#### Information
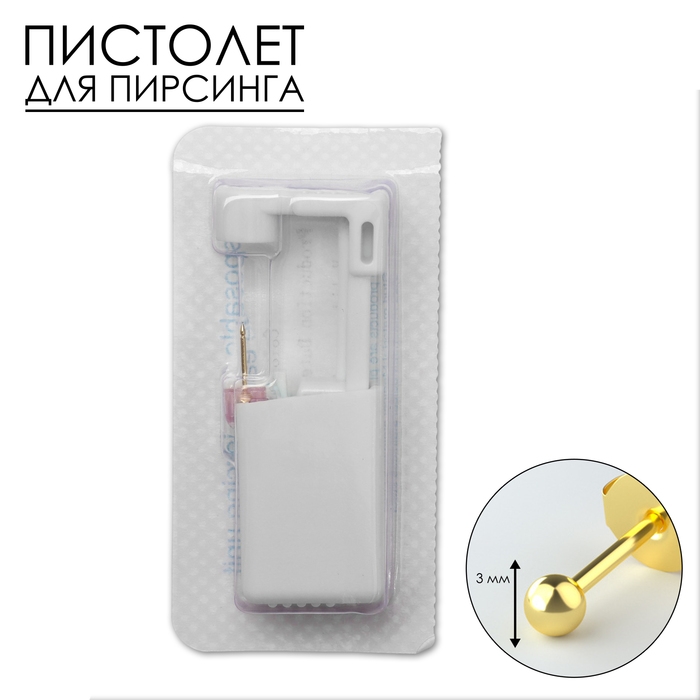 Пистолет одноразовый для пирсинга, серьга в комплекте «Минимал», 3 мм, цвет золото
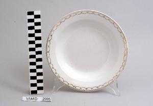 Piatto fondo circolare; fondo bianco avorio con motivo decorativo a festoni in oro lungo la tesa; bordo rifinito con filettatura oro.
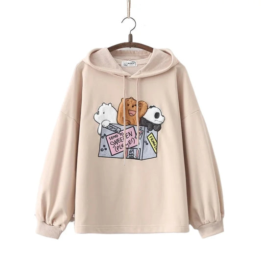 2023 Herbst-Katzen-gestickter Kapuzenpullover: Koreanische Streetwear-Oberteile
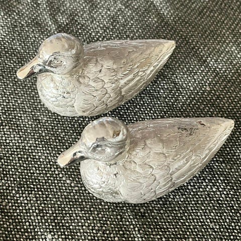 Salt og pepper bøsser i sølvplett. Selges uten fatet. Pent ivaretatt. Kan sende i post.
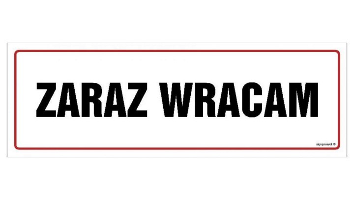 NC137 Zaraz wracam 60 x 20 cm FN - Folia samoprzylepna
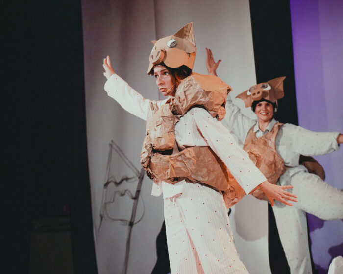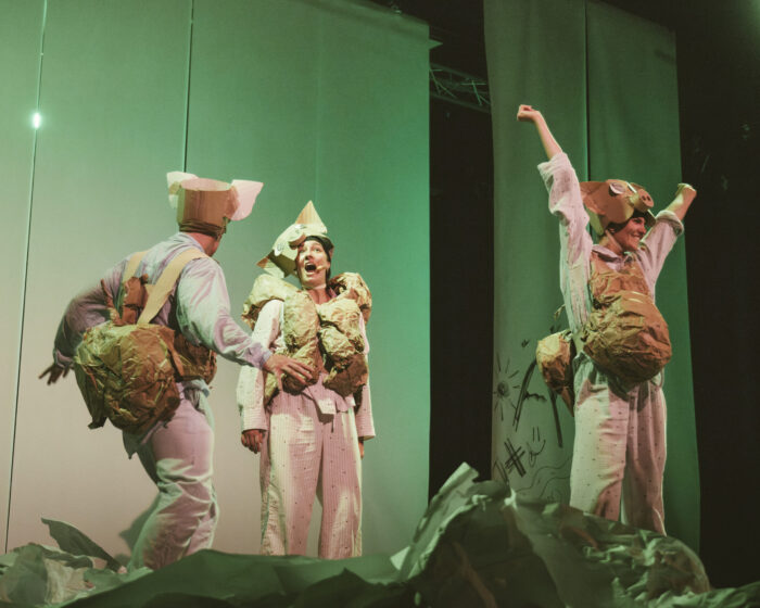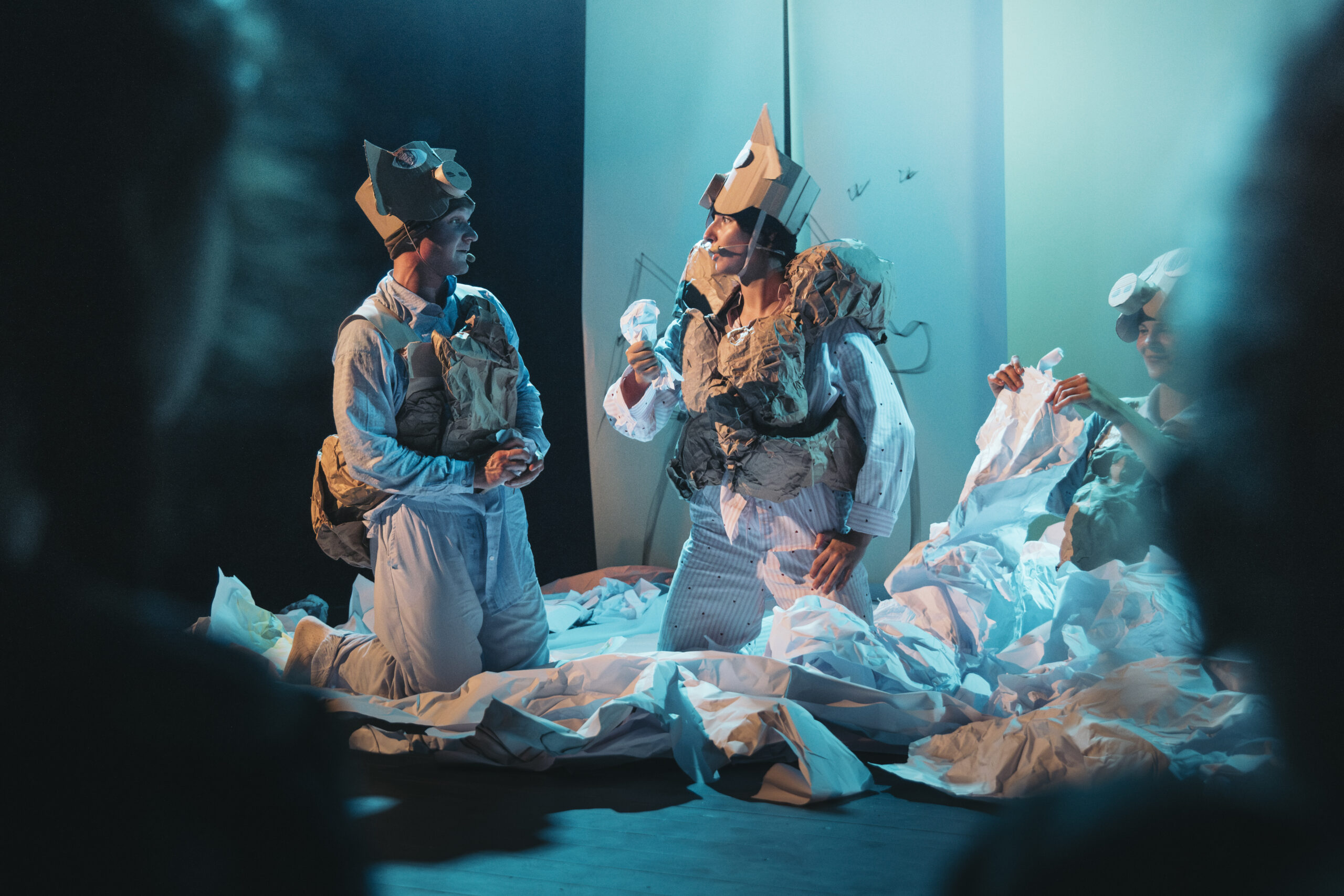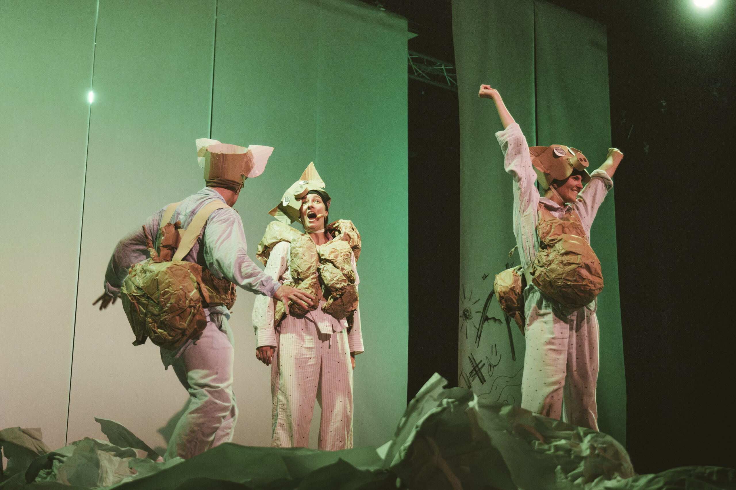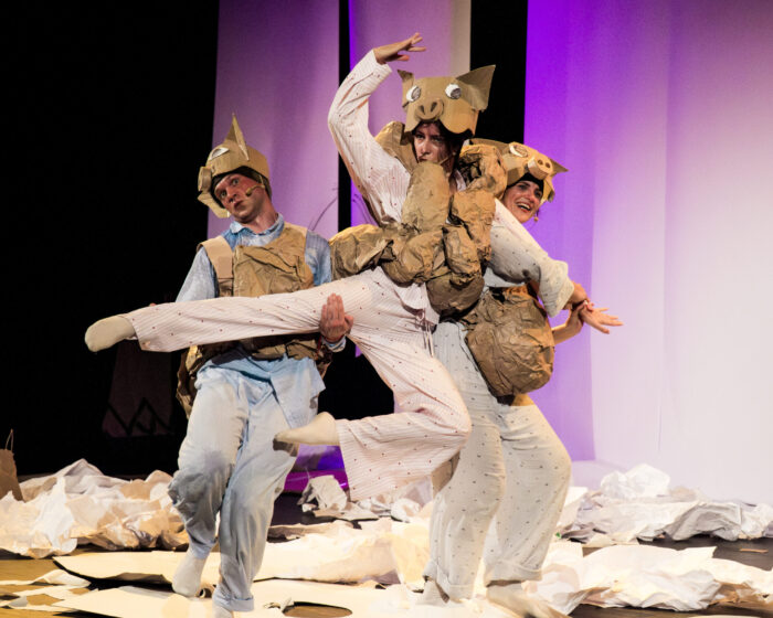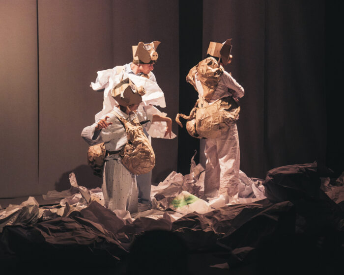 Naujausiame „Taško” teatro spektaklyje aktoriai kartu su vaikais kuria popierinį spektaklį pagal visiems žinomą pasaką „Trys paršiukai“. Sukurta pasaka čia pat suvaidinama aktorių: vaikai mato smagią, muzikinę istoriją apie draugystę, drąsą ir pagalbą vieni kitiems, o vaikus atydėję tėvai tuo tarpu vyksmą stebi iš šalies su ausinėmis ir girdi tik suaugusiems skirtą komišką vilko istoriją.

#### Exercise prompt
Could you restate every record above word for word, dropping the pictures?

#### Response for this exercise
 Пистолет одноразовый для пирсинга, серьга в комплекте «Минимал», 3 мм, цвет золото
 Piatto fondo circolare; fondo bianco avorio con motivo decorativo a festoni in oro lungo la tesa; bordo rifinito con filettatura oro.
 2023 Herbst-Katzen-gestickter Kapuzenpullover: Koreanische Streetwear-Oberteile
 Salt og pepper bøsser i sølvplett. Selges uten fatet. Pent ivaretatt. Kan sende i post.
 NC137 Zaraz wracam 60 x 20 cm FN - Folia samoprzylepna
 Naujausiame „Taško” teatro spektaklyje aktoriai kartu su vaikais kuria popierinį spektaklį pagal visiems žinomą pasaką „Trys paršiukai“. Sukurta pasaka čia pat suvaidinama aktorių: vaikai mato smagią, muzikinę istoriją apie draugystę, drąsą ir pagalbą vieni kitiems, o vaikus atydėję tėvai tuo tarpu vyksmą stebi iš šalies su ausinėmis ir girdi tik suaugusiems skirtą komišką vilko istoriją.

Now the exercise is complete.